What @oscarbenjamin said can be summarised to “he doesn’t use it”, don’t think there is more to that. He just doesn’t have list.get usage cases in the same way as for dict.get. And I agree there are many cases where workflow for lists is just very different. However, there are other cases e.g. def foo(*args, **kwds) where sequence is treated in the same way as mapping - “a collection of items of unknown length and contents”

oscarbenjamin · May 21, 2024, 3:03pm

Here is an example from the SymPy codebase simplified slightly. This function converts between two different basic representations of a univariate polynomial with one being a list and the other a dict:

def dup_to_dict(f):
    """
    >>> dup_to_dict([1, 0, 5, 0, 7])
    {(0,): 7, (2,): 5, (4,): 1}
    >>> dup_to_dict([])
    {}
    """
    n, result = len(f) - 1, {}

    for k in range(0, n + 1):
        if f[n - k]:
            result[(k,)] = f[n - k]

    return result

I didn’t write this code and if I had I would have written it differently but that doesn’t matter. The point is we call len(f) once before the loop. Then in the loop we always know that n - k will be a valid index for f. That is how indexing with lists always works: the indices are generated by something that is a function of the length of the list.

I don’t understand what is the situation where you are indexing into a list and you don’t know whether the index is valid: where did the index come from?

With dicts it is different because having or not having keys is often part of the purpose of the data structure. For example the dict returned by dup_to_dict omits keys that would have a corresponding value of zero because they can be represented simply by not being in the dict at all.

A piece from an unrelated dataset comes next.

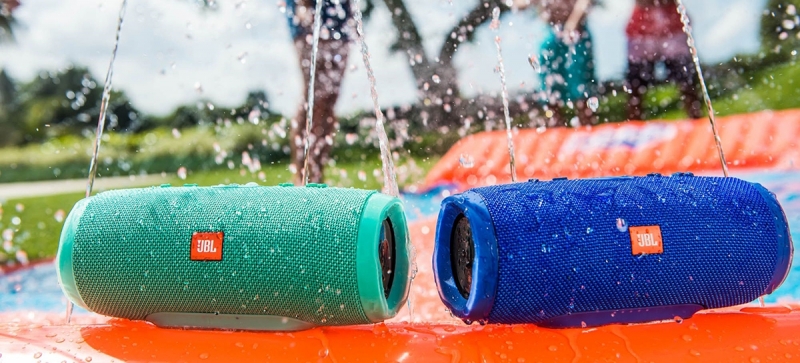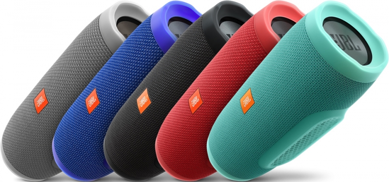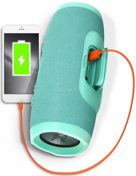 Портативная акустическая система JBL Charge 3 JBL Charge 3 представляет собой невероятно стильную, с интересным запоминающимся эргономичным дизайном, водонепроницаемую портативную акустическую систему. Она поддерживает беспроводную передачу данных и может быть сопряжена со множеством современных девайсов, поддерживающих технологию Bluetooth. Также колонка способна обеспечить необходимым зарядом любое совместимое устройство посредством разъема USB. Зарядка осуществляется даже тогда, когда JBL Charge 3 выключена. Благодаря своей необычной эргономичной конструкции акустическую систему JBL Charge 3 можно устанавливать как в горизонтальном, так и в вертикальном положении (кроме той стороны, где расположен фазоинвертор). За счет водонепроницаемости корпуса и благодаря прорезиненным элементам беспроводной колонки наслаждаться любимыми композициями теперь можно и под дождем, и у бассейна, при этом не беспокоясь за ее работоспособность. Кнопки управления вынесены в верхнюю часть и выполнены из резины в форме значков функций, за которые они отвечают. JBL Charge 3, как и все продукты именитого бренда, имеет высокое качество звука, сравнимое с домашней акустикой. Теперь вам не придется находится в помещении, чтобы насладится отличным звуком стереосистемы — с JBL Charge 3 вы сможете ощутить легендарную мощь, чистоту и высокую точность передачи аудиоконтента в любом месте. Встроенный аккумулятор на 6000 мАч продлит это удовольствие на 20 часов без перерыва.

The ith coefficient of the polynomial is found via result.get((i,), 0) if you happen to want it.

There is in fact a function in SymPy that gets the ith coefficient from the list representation that would almost seem to suit list.get:

def dup_nth(f, n, K):
    """
    Return the ``n``-th coefficient of ``f`` in ``K[x]``.
    """
    if n < 0:
        raise IndexError("'n' must be non-negative, got %i" % n)
    elif n >= len(f):
        return K.zero
    else:
        return f[len(f) - n - 1]

Unfortunately .get would not be quite right here because we want zero for n >= len(f) but that would result in asking .get for a negative list index which would not do what we wanted.

Here is the real point though: although someone apparently thought it was useful to add dup_nth because it presumably seemed like an obvious basic thing to want this function is not actually used anywhere in the SymPy codebase. The 272 other dup_* functions never need dup_nth because instead every operation just loops over the list or over a range of indices or uses enumerate etc.

dg-pb · May 21, 2024, 3:12pm

So this falls under the category of list iteration, which is the dominant one in scientific libraries.

Which is the one I am not even arguing about. If one needs to iterate, len will be called and get is never needed.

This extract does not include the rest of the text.